The $262.6 million an estimate. So is the $275.2 million we estimated recently using a different methodology ($10 million combined for all 0-3 players, rather than $500,000 per player). As with all estimates, take each of those numbers with a grain of salt. Gather enough grains together, and you get a sense for the bigger picture.

The bigger picture is that the Dodgers are still baseball’s biggest spenders. From the Yahoo! piece:

Nearly two-thirds of the teams in baseball could start the season with $100 million-plus payrolls, with the Dodgers, Yankees ($210.9 million) and Red Sox ($180.5 million) all certain to exceed the $189 million luxury-tax threshold. Rounding out the top five payrolls are Detroit ($168.8 million) and World Series champion San Francisco ($160.7 million).

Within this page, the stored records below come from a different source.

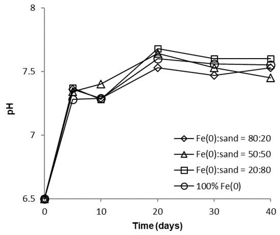 Over the course of batch experiments, pH increased from 6.5 to 7.5–7.7 and 7.4–7.5 for tests at low and high CrVI concentration, respectively (Figure 6 and Figure 7); the increase was more rapid for experiments at low CrVI concentration and rather sequential for tests at high CrVI concentration. No significant differences were observed between the final pH values (after 40 days) in the “Fe0 + sand” and the “Fe0 only” system. The pH increase was the result of: (1) HO-generation in Fe0 oxidative dissolution processes (Equations (1) and (2)), mainly due to oxidation with water, and (2) H+ consuming reactions (Equations (3)–(5)), mainly due to indirect reduction of CrVI with dissolved or solid FeII-based corrosion products [54].
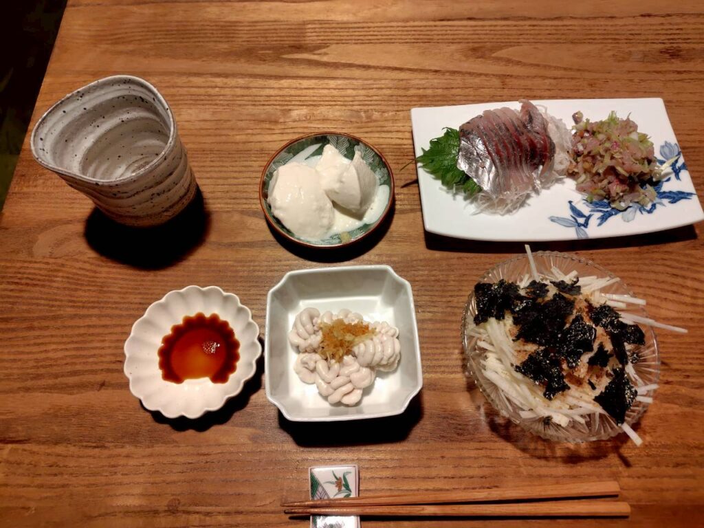 鯵刺は半分ネギと味噌を入れてたたき、なめろうに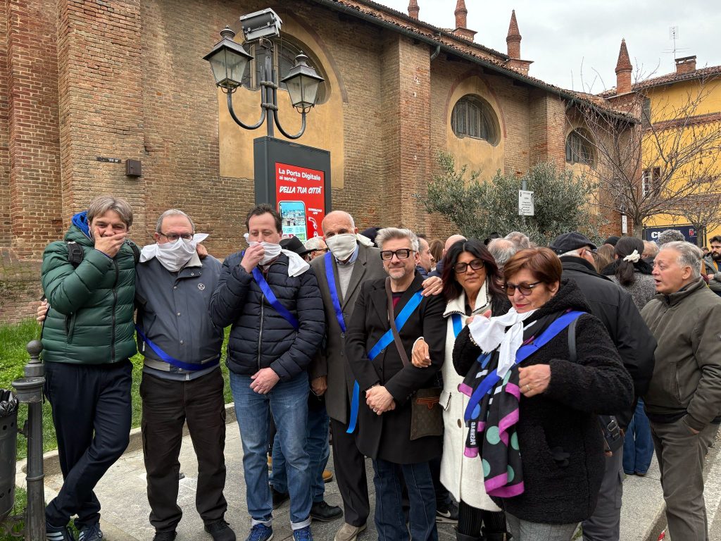 A Chieri, il tradizionale appuntamento con “La panchina del Sindaco”, previsto per venerdì pomeriggio sulla panchina di San Domenico, è stato l’occasione per alcuni cittadini del Comitato Centro Storico, di manifestare ancora all’amministrazione la propria contrarietà alle decisioni sui parcheggi a pagamento in centro. Il messaggio lanciato prima del blitz: “Abbiamo deciso di manifestare il nostro scetticismo partecipando in silenzio attorno alla sua panchina con un bavaglio bianco sulla bocca, ovviamente con la nostra fascia blu (parcheggio) sul petto. Il Comitato del Centro Storico di Chieri risponde PRESENTE all’invito del suo Sindaco, in silenzio però, ma con gli occhi ben aperti. Pronti a farci vedere, sì, ma non certo disposti a parlare ancora…senza essere certi di avere un interlocutore in grado di ascoltare.”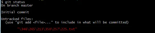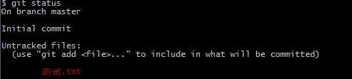 在Windows下使用Git时,事实上是存在乱码的问题的。比如,我的文件夹下有一个测试.txt的内容,但是用 git status 进行查看是,会出现中文乱码的现象。如下图所示:

The biggest salary jump comes in Seattle, where the Mariners’ offensive additions bumped their payroll to an estimated $122.5 million, more than $30 million ahead of 2014. The Dodgers are second at $27.3 million, though in reality they’ll actually be spending less on players in their uniform this year: they’re paying a combined $37.5 million to cover the salaries of the released Brian Wilson and the traded Matt Kemp and Dan Haren.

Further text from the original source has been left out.